In this tutorial I'll look at the following topics:
Brac-a-brac divides naturally into two types, stuff the player acquires when they bump into it ( weapons, mana, artifacts, items), and stuff they don't, objects.
The acquireable stuff is rather easy, because there is only one basic field, spawnflags, where a value of 1 means that the item floats exactly where you put it in the map, rather than dropping down to a convenient distance off the floor. So you can test this by putting an item such as greenmana in your map, and noting the effect of the spawnflag. That's all the basics for this stuff, tho there is a bit more to it in the triggering and spawning sections.
There's a bit more to the objects; their most important field is angle, which specifies the direction the object is facing, in the same style as with doors and buttons. Some objects, such as corpes and books, can also usefully be given 3d angle fields, which can be used to tilt the object in any direction (so that a book can sit on a slanted lecturn, a corpse on a slope, or a sword stick out of a body at an artistic angle).
Objects can also take a health field, which determines how much damage it takes to destroy them (the destructible ones also have a default health, so you don't actually have to specify one unless you want a special effect), and there are also mass and abslight fields, as discussed on the reference page.
So if you haven't done it yet, you should put a few random objects into a test map, and experiment with these fields. Some objects have additional fields, such as skin, or automatically take on different skins in different `worldtypes', see the reference page for more on these topics when you actually want to use the relevant objects in a map..
Map items can participate in triggering and targetting. Both acquirables and objects can have targets, which acquirables trigger when they are acquired, and objects trigger when they are destroyed (so in both cases, the targets are triggered when the item disappears from the map). Destructible objects can furthermore be targetted; when they are triggered, they are destroyed.

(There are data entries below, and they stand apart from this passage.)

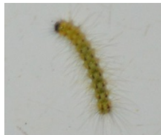
Figure 12: Black-headed Fall webworm larvae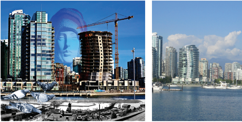
Figure 2. Collage from Mannequin Rising (70, on the left), and Figure 3. Photograph of the same location (on the right).

McAllister observes that his work exhibits a sense of disquiet through technologies of seeing such as the photograph: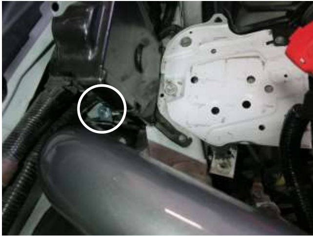
g. Align tube for best fit before tightening the nut/bolt combination.

So you can try all this out by putting, say, a Krater of Might (art_manaboost) and a cauldron (obj_cauldron) in your map, putting the cauldron where you can see it from the position of the Krater, with the krater targetting the cauldron. Now run the map, and take the krater, watching the cauldron explode. Anything that can be triggered at all can be triggered by the taking of an takeable item.
There is an interesting variant on orginary targetting, which is `killtargetting'. Any entity that can take a target field can also take a killtarget field. Then when the entity `fires' (triggers its targets), it also removes its `killtargets' (entities whose targetname-value is the same as its killtarget-value). This can be used for example to present the player with a choice between two desireable items. You can have for example Krater of might (art_manaboost) and a Mystic urn (art_superHBoost), each killtargetting the other. Now if the player takes the urn, the krater vanishes, and vice-versa. A more sophisticated use of killtargetting is to make an item appear at different places in the map, depending on what the player does earlier: the item can be initially placed at multiple locations, and all but one removed by killtargetting (this requires care, obviously, I've actually had considerable trouble with finding the Treasury Key in Blackmarsh, & I suspect killtargetting bugs as perhaps being the culprit). It's my belief that absolutely all entities can be killtargetted; if you killtarget an entity such as a door that owns brushes, they disappear too.

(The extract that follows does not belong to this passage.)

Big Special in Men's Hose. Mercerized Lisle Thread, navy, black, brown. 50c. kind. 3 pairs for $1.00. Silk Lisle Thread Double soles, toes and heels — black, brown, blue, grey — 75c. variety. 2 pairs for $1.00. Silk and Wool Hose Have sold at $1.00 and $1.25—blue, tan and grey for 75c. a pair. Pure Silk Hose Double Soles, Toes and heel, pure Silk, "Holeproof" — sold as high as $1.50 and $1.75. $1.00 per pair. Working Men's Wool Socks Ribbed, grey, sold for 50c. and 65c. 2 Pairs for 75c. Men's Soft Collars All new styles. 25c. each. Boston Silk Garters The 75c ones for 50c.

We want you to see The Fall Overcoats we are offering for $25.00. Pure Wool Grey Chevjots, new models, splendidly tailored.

Spawning is when some event causes a new item to appear in the map, where it previously wasn't. For newbies interested in making deathmatch maps, most important point about spawning is this:
In deathmatch, stuff you can take respawns automatically; you don't have to do anything to make it happen, and you can't change the way it works (unless maybe you want to get into serious HexenC coding). In fact if deathmatch maps is what you're interested in, stop now, since the rest of this has nothing to do with you. |
The way it works is pretty simple, although a bit cumbrous, it seems to me. The object or monster takes fields which specify what is spawned and how much. For mana, the fields are greenmana and bluemana, and the values say how much mana the mana-blob contains (there doesn't seem to be any way to produce combined mana, tho you could get the same effect in a less pretty way by producing equal amounts of green and blue). For the other artifacts there are fields like cnt_tome, cnt_torch, etc., and their values are numbers saying how many of the items to produce. So you could produce 6 tomes and 5 kraters of might, if you wanted to. To tamp this down with an example, here are the fields for a chest that produces a torch when you smash it:
classname: | obj_chest1 |
cnt_torch: | 1 |
A list of all of these spawning fields is given here.
The other way to spawn is with an item-spawner, which spawns the item at its location when it's triggered; now you should be able to read the reference, especially because it has an example at the end.